You are viewing a plain text version of this content. The canonical link for it is here.

Posted to dev@hbase.apache.org by st...@duboce.net on 2010/12/16 01:14:27 UTC

Review Request: hbase-3362 If .META. offline between OPENING and OPENED, then wrong server location in .META. is possible

-----------------------------------------------------------
This is an automatically generated e-mail. To reply, visit:
http://review.cloudera.org/r/1298/
-----------------------------------------------------------

Review request for hbase and Jonathan Gray.


Summary
-------

M src/main/java/org/apache/hadoop/hbase/regionserver/handler/OpenRegionHandler.java
 Removed stale comments and TODOs.

 Added a 'version' datamenber, the znode edit version which we keep across open process.
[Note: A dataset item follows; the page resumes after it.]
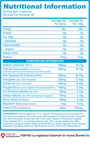 Infused with advanced and clinically dosed KSM-66 - “World’s Premium Ashwagandha”. KSM-66 has been clinically proven to help maintain normal cortisol levels, enhance performance, recovery & male vitality.
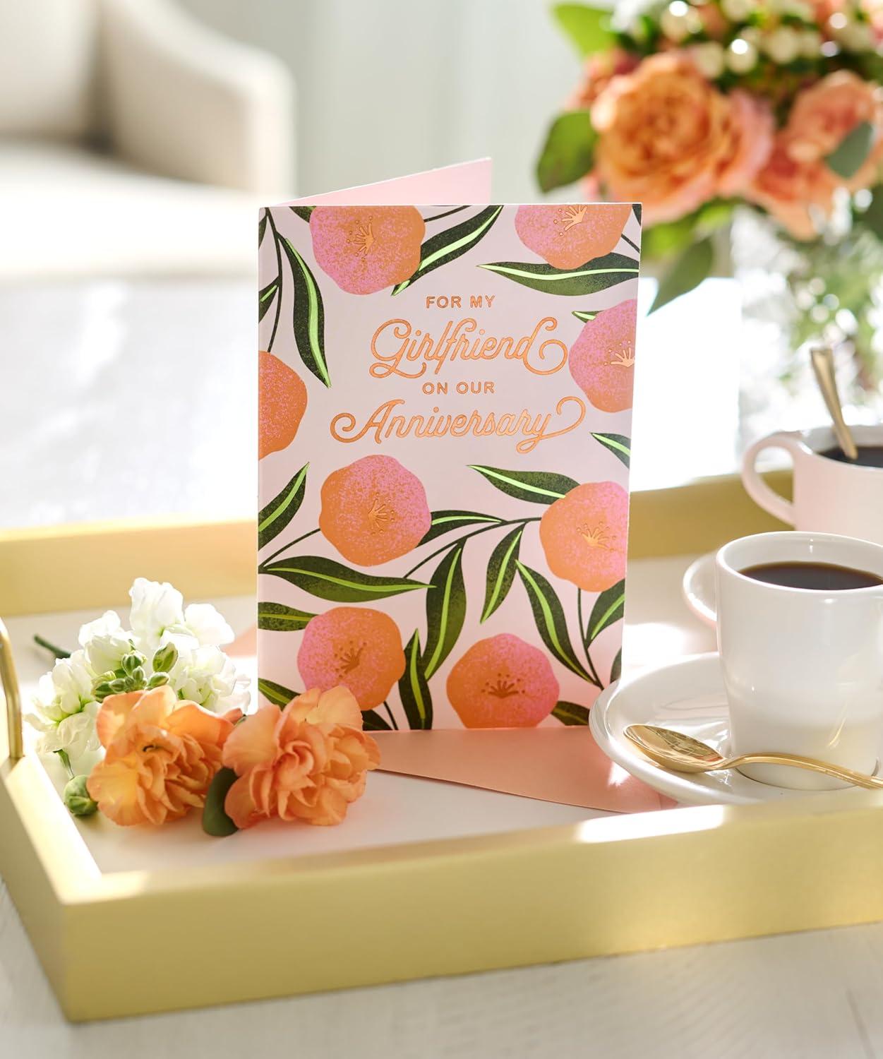 Celebrate your love on a special day with this beautifully designed anniversary card by American Greetings. Featuring elegant orange florals and shimmering foil accents, this card elegantly expresses your deepest affections and shared memories with your girlfriend. It’s an ideal choice for anyone wishing to make their anniversary truly memorable. Includes a thoughtful message inside that perfectly encapsulates your bond and a complementary envelope. American Greetings offers exceptional greeting cards, gift wrap and celebration products so you can connect in ways that fit your personality and authentic style.

 Refactored the setting of OPENING out into a method that is used in multiple places 
 now rather than repeat code.  Did this in new tickleOpening method.

 Added new PostOpenDeployTasksThread which we run to do the postOpenDeployTasks.
 While its running we update OPENING state if its running a while.


This addresses bug hbase-3362.
    http://issues.apache.org/jira/browse/hbase-3362


Diffs
-----

  trunk/src/main/java/org/apache/hadoop/hbase/regionserver/handler/OpenRegionHandler.java 1049707 

Diff: http://review.cloudera.org/r/1298/diff


Testing
-------

Ran it on my cluster. Seems to work as the old code did.


Thanks,

stack

Re: Review Request: hbase-3362 If .META. offline between OPENING and OPENED, then wrong server location in .META. is possible

Posted by Jonathan Gray <jg...@apache.org>.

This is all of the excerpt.